The processing engine 300 is configured to analyze and identify the noise in the input signal spectrum and then suppress the noise. The processing engine 300 includes a voice activity score module 313, a perceptual analysis and processing module 331, and a noise estimation module 315. These component modules of the processing engine 300 for noise suppression are depicted in more details in
The frequency synthesis module 217 and the output overlap-and-add module 219 are configured to the transform processed signal spectrum back to time-domain, after the noise suppression operations on the input signal spectrum. The frequency synthesis and overlap-and-add module 219 may use an inverse transformation method of frequency analysis to convert the processed signal spectrum in frequency domain back to the time domain. If FFT was used for frequency analysis, then Inverse FFT is applied. The processed time domain signal of the current frame is aligned with the corresponding part of the previously processed frame and they are summed to produce the output. The overlapping region of current frame with the next frame is saved for synthesis of next output frame.
The voice activity scoring (VAS) module 313 is configured to compute a continuous score to rate the possibility of the presence of speech. In a Wiener filtering approach, noise power is estimated for adjusting the noisy signal spectrum. To facilitate efficient estimation of noise power in a quasi-/non-stationary speech signal, it is desired to take advantage of voice activity information. The VAS module 313 is particularly useful in making the estimation of noise power fuzzy so as to eliminate the risk of wrong classification by a traditional voice activity detector (VAD) that outputs binary decisions.
The VAS module 313 computes a score in a continuous range such that a low score indicates the input frame highly likely being a noise-only frame and a high score indicates the input frame highly likely being a frame dominated by speech. This scoring scheme is found advantageous over the binary decision scheme of a conventional Voice Activity Detector (VAD) due to the quasi- and non-stationary nature of speech signals.
The noise power estimation module 315 follows the principle of temporal tracking. Making use of the observation that noise power normally changes slowly. According to one embodiment of the present disclosure, taking advantage of the score output by the VAS, the noise estimation module 315 can respond quickly to non-stationarity in the input, in addition to being able to cope with signals that are neither noise-only nor speech-dominated with a very high likelihood.

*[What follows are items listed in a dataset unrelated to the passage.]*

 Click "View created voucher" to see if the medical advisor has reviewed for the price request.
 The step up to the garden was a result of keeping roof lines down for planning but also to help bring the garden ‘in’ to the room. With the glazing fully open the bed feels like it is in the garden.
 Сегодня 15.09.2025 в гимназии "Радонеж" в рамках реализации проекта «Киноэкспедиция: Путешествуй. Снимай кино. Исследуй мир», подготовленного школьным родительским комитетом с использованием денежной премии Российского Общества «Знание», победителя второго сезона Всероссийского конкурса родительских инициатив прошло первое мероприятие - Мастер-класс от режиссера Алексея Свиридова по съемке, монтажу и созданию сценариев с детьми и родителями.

Then the gain computation module 317 may compute a gain for each frequency according to a heuristic, based on the estimated noise power. The heuristic may be expressed as follows. As the ratio of the noisy signal frequency component power to the estimated noise frequency component power grows, the possibility of that frequency component of the noisy signal being noise decreases, and when the ratio is large enough the frequency component can eventually be taken as containing speech only.

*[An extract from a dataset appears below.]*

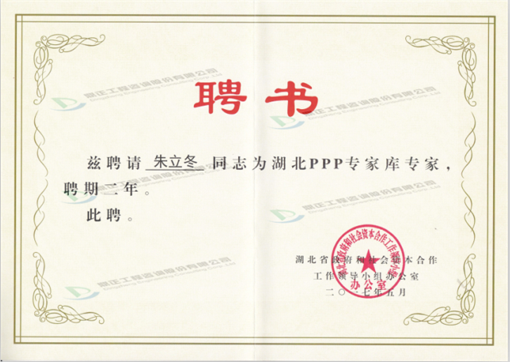 近日,湖北省政府和社會資本合作工作領導小組辦公室授予鼎正公司董事長王雁然先生、副總經理兼技術總監朱立冬教授為湖北省PPP專家庫專家。此前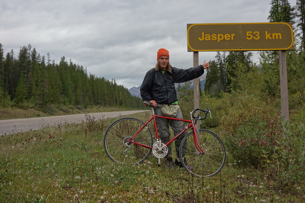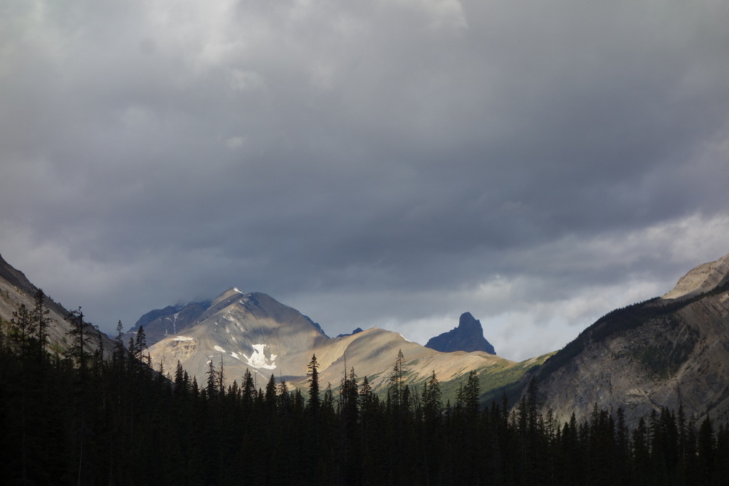 We’re rewarded for all our hard work over the last few days with a mostly downhill ride all the way into Jasper. It’s sprinkling rain much of the day but the road is fast and it feels great to zoom effortlessly along.

Then the gain post-process module 400 performs a post-gain processing on the computed gain for each frequency, with the estimated noise power, and according to probabilistic heuristics. The post-gain processing module 400 makes sure the processed signal sound natural.
Then the signal spectrum adjustment module 321 adjusts the noisy signal spectrum by multiplying the final gains with the magnitudes of the noisy signal spectrum to attenuate noise. This in effect suppresses the noise to achieve improved quality and intelligibility of speech. Then the mode switching decision module 323 checks mode switching criteria for each frame to decide a mode for next frame. To cope with changing environments, the noise suppression engine may operate in and automatically switch between two modes: NORMAL for adequate noise and NOISY for extremely high noise.

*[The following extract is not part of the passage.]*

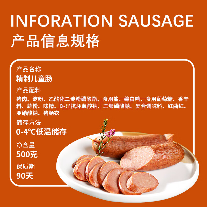 商品名称:达生精制儿童肠500g 哈尔滨红肠东北特产即食香肠方便速食送礼

The following sections describe these operations of the processing engine 300 for noise suppression in more detail. These operations are performed by the Bark band power computation module 311, the VAS module 313, the signal power array updating module 314, the noise power estimation module 315, the gain computation module 317, the gain post-processing module 400, the signal spectrum adjustment module 321 and the mode switching decision module 323.
The Bark band power computer module 311 computes the signal bank power in psychoacoustic bands. Equation 1 below represents the power in the psychoacoustic bands, where Xi,k denotes the ith frequency sample of kth frame after frequency analysis, j is the band index, k is the frame index, Bj is the set of frequency indices of the jth band according to Table 1 above.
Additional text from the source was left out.